The Sng family have a dirty business reputation in Sarawak in timber and gambling. Larry is married to the daughter of a hated local chancer Ting Pek Khiing, the logger of the Bakun Dam and a Mahathir crony of years gone by. Neither are amongst the ‘Big Six’ crony companies wedded to Taib Mahmud and Larry Sng having acted a political favourite in the past had walked away from BN by 2013.
However, resentment and suspicion lingers on against the Sng family’s past and present intentions towards the Dayak. When they joined PKR through a deal with Anwar (adding their single seat in Julau) it provided just the cause celebre required by Azmin’s men to justify open defiance in Sarawak.
No longer did the rebellious PKR leadership need to explain why they were failing to cooperate or support their party leader. Larry Sng was ‘Taib’s man’, it was explained, now infiltrated by Anwar to undermine and divide his own party.
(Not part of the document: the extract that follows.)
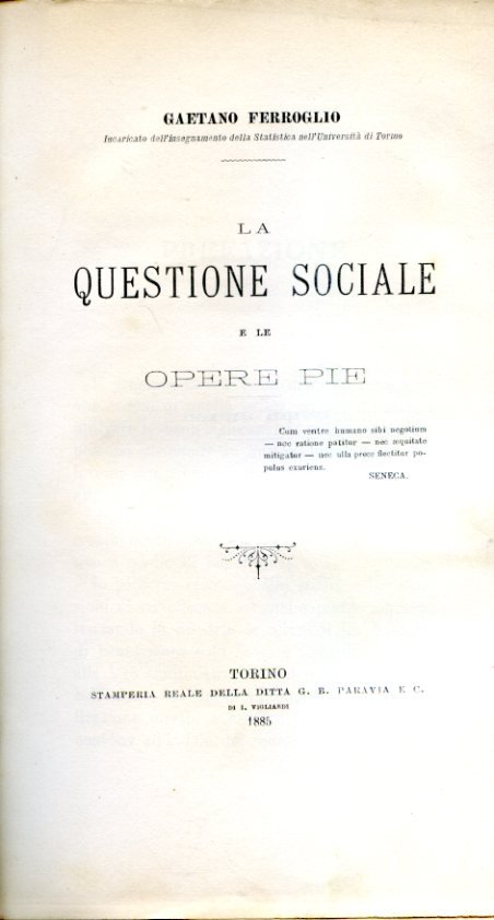 La questione sociale e le opere pie | Libri antichi e moderni | Ferroglio Gaetano

Whether or not Sng is indeed Taib’s plant or deep cover agent is yet to emerge. However, what is certain is that Azmin himself successfully used the alliance to divide the Sarawak PKR party himself, in order to further his own political cause and ultimately that of Taib as well – given that Azmin and GPS have now seized power through a joint coup against the voters of PKR.
The fury over Sng and deep suspicion that Anwar was priming him to take over as a Chinese leader of Sarawak PKR ruptured the local party in pro-Azmin and pro-Anwar factions, which finally saw three key MPs joining with Azmin to break away from the party altogether and assist the present coup coalition of the unconfirmed ‘PM8’ (to whom Azmin acts as deputy).
Advice by well-wishers like Sarawak Report that the party would do well to unify and focus on the real enemies of corruption and cronyism around Taib were met with virulent attacks over the presence of Larry Sng. Thanks to Larry Sng, Azmin was able to lead PKR Sarawak by the nose.
The Sarawak defectors from PKR are now supporting Taib’s party GPS within a Malay Muslim supremacist coalition that militates against the equal rights of Sarawak people. The bogus autonomy deal done by GPS as its price for joining such a coalition has put Taib’s own daughter in the coup coalition cabinet in charge of all the resources offered back to ‘autonomous’ Sarawak.
Supporting all this willingly are the moo cows from PKR Sarawak who were thus courted and seduced into becoming ‘Azmin’s men’. Although, faced with the enormity of the outcome, the former leader Baru Bian has stepped back from his colleagues and taken a stand as an ‘Independent’ MP. This week he led his local party followers in an angry exit from PKR where electoral oblivion surely awaits them.
Inevitably, Anwar has now been forced into making the very promotion these Dayak leaders feared. With just three remaining supportive sitting local MPs, two Chinese*, PKR has now conducted a vote and appointed the winner to be the leader of Sarawak PKR – Larry Sng. So far, Sng has at least proven loyal to the party as has Miri’s Michael Teo.
Two ex-PKR Sarawak MPs now sit as ministers in the coup coalition as their reward for the vital role they played in disrupting their party and assisting the Azmin betrayal against the voting public.
They may enjoy the trappings of their temporary office, but in the process PKR Sarawak have sadly let down themselves, their voters and their country by acting like rural bumpkins and village rivals, instead of remembering the great and fundamental values of their faith: patience, forgiveness, humility and putting others (their voters) before their own vanities and greed.